One of the worst things to happen to British democracy – completely deliberately by New Labour – is the coming together of the patriarchal system of British Muslim communities with the introduction of mass postal voting. If anyone pretends that the result has not been fraud on a massive scale and the effective disenfranchisement of Muslim women and subordinate males through loss of the secret ballot, they are a complete fool. The survey does nothing to illuminate this aspect.

But it is worth noting that several other religious groups display as much intolerance as the Muslims. I don’t think you would find sexual tolerance any better among Lodon’s numerous “Charismatic” christian groups, for example.

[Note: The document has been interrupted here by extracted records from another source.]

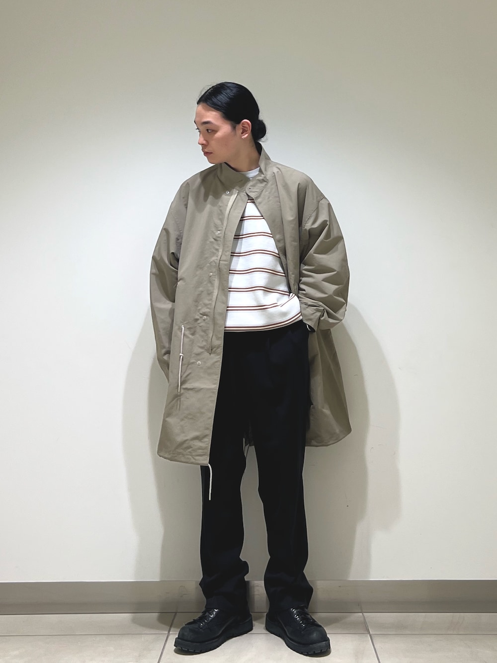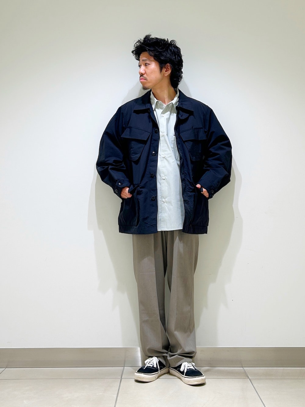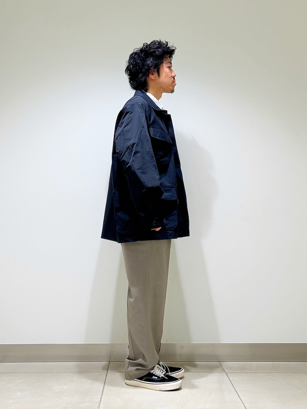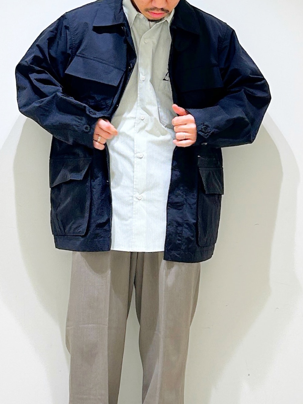 洗いざらしたようなナイロン生地が小慣れた印象な一着。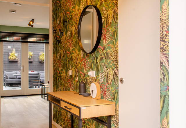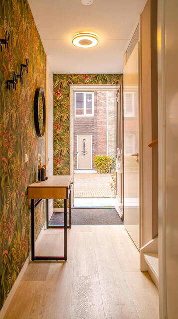 Via de voortuin betreedt u de ruime hal waarvan één muur voorzien is van een mooi design behang, het geheel heeft een luxe uitstaling. Direct links achter de deur vindt u de warmtepomp. Daarnaast is er plaats voor de garderobe en bevindt zich hier het toilet met apart fonteintje en de meterkast.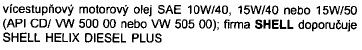 -> Fén: jak pise U-geen do starsich dieselu kdyz das 5W je to docela ridky a muze to zrat proto bych byl spis pro 10W-40 resp. v lete desistkou nic nezkazis na zimu se nam zase vic osvedcila petka ale je pravda ze jezdime spis dlouhy trate... rozhoduje i znacka a osobne dam po zkusenosti na doporuceni vyrobce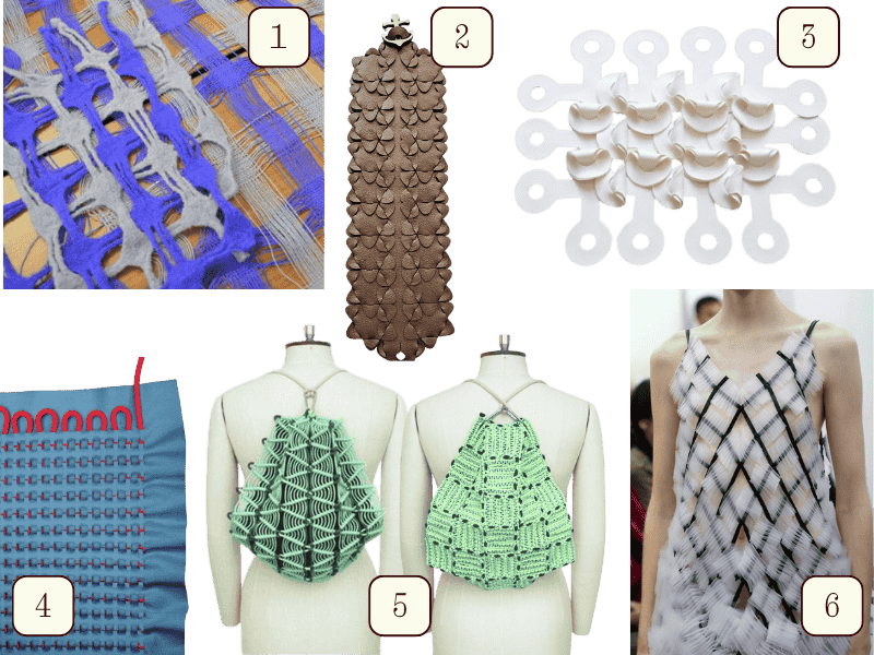 My inspiration this week includes weaving and its role in 3D textile manipulation. I found examples of fashion and textile design that utilize the over-and-under layering of fabric strips or string. Interlocking modules can create intriguing textures and dimensions in a garment or textile.

With all those caveats, the report has year on year shown much greater coincidence between socio-gender attitudes of Muslims, compared to the rest of the population, in Germany and France than in Britain. Ghettoisation is a huge problem in the UK, but I am not sure it is any less in Germany. What France does much better than the UK is integrated education. Tony Blair’s obsession with Faith schools was a disaster on every level. In Blackburn I witnessed apartheid – all white schools within a mile of all Asian schools. The truth is that Labour have fostered separate Muslim communities for a generation as a secure vote bank. The result is a disaster for social cohesion.

UPDATE

A comment below by Jungle points out that the different ethnic background of British Muslims may be in large part responsible for the differences in attitudes to French and German Muslims, due to the preponderance of Pakistanis here.

In fact that had been my initial reaction too, but I partially rejected it for the following reason. If you look at the same survey for 2007, the results and the differences between British and European Muslims are almost identical. But the 2007 survey, unlike the 2009 survey, makes explicit that poling was carried out only in capitals – London, Paris and Berlin. Inside London itself, Britain’s Muslim community is very ethnically diverse, with for example a very large and well established Turkish and Turkish Cypriot community, a big pre-evolutionary Iranian committee etc. We almost forget they are “Muslim” because they are so Europeanised. The Gallup methodology makes plain that Turkish and Iranian were among the languages used for interviews. The fact they still did not find one British Muslim prepared to tolerate homosexuality is therefore significant – they were not only interviewing Pakistanis.

Yes, I am sure ethnic differences are a factor. But they are not the only factor; and even if they were, they would not make the attitudes any more cceptable.